Avec le corpus sculptural Nocturnal Kinship et l’installation vidéo Disruptive Pattern, Mujinga élabore un univers tactile habité par des êtres zoomorphes. L’artiste marie les textures, conjuguant la malléabilité de l’épiderme et du textile à la transparence médusaire de l’image pour créer des entités mi-humaines mi-animales. Dissimulés sous une tenue sombre à capuchon, les personnages géants de Nocturnal Kinship arborent des extensions évoquant les tentacules d’une pieuvre ou la trompe d’un éléphant. À l’inverse, les silhouettes translucides qui se meuvent sur l’écran dans les vidéos de Disruptive Pattern se jouent du visible, s’effaçant au contact de la lumière à l’instar du calmar de verre. Les œuvres se réfèrent aux stratégies de survie développées par certains animaux, notamment le poulpe et l’éléphant, respectivement reconnus pour l’homochromie – un type de camouflage imitant les couleurs de l’environnement – et les comportements nocturnes permettant d’échapper au braconnage. Les sculptures mettent en tension la présence du corps et la vision à travers la notion d’invisibilité, envisagée comme mode de survie et levier conceptuel pour les personnes marginalisées. Alors que le hoodie se retrouve au cœur du profilage racial qui marque l’actualité, les costumes et les peaux deviennent ici symboles de protestation envers la violence et la discrimination, complexifiant ainsi le fait de se camoufler et de se fondre dans le paysage.

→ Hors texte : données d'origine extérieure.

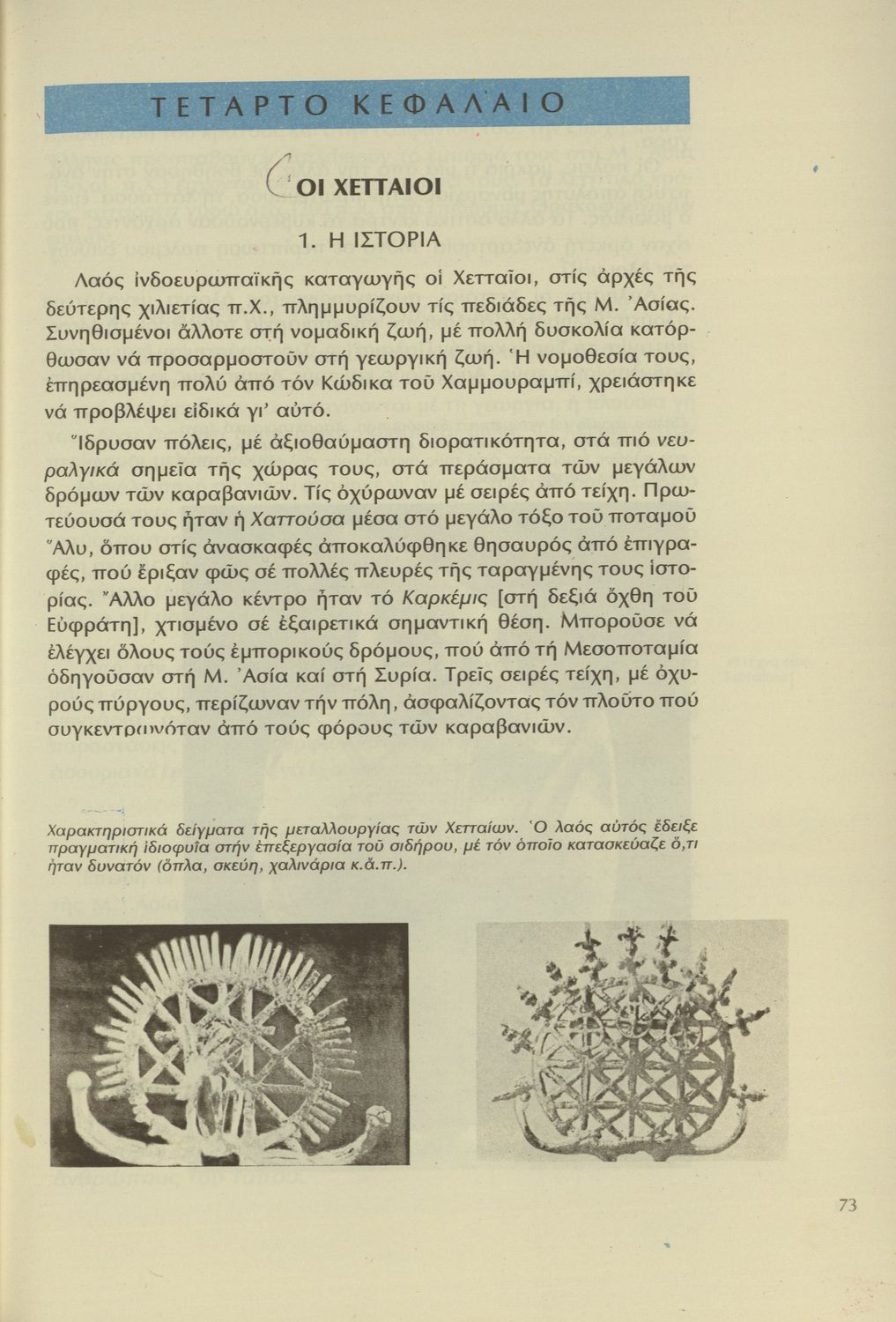 Βαθμίδα εκπαίδευσης: Δευτεροβάθμια Τάξη: Α' Γυμνασίου Μάθημα: Ιστορία Γλώσσα: Δημοτική Παρουσίαση περιεχομένου: Σχολικό εγχειρίδιο Ιστορίας Α΄ Γυμνασίου που καλύπτει την περίοδο από την περίοδο από την εμφάνιση των πρώτων πολιτισμών μέχρι τους Καρχηδονικούς Πολέμους. Περιλαμβάνει χρονολόγιο και γλωσσάριο με επεξήγηση ορισμών. |

Avec Nocturnal Kinship et Disruptive Pattern, l’artiste allie afrofuturisme et posthumanisme dans une négociation critique des politiques de la visibilité, exposant l’aliénation et l’agentivité qui peuvent en découler. Les figures hybrides de Mujinga nous invitent à imaginer un devenir-ensemble inspiré de la fiction spéculative noire et des études antispécistes, évoquant l’effacement du céphalopode, la translucidité du calmar ou la callosité de l’éléphant pour envisager le corps comme liant privilégié de nos rapports au monde.

Biographie

Sandra Mujinga (née à Goma, République démocratique du Congo ; vit à Berlin, Allemagne, et à Oslo, Norvège) se penche sur les enjeux liés à l’identité en s’attardant aux politiques de visibilité et de représentation, plus que jamais modulées par des questions de surveillance et de contrôle. À travers une pratique multidisciplinaire guidée par le féminisme intersectionnel et les approches décoloniales, l’artiste et musicienne joue avec les mécanismes d’observation et de dissimulation en s’inspirant des technologies numériques et du monde animal pour examiner la notion de présence et le potentiel politique de son contraire : l’absence.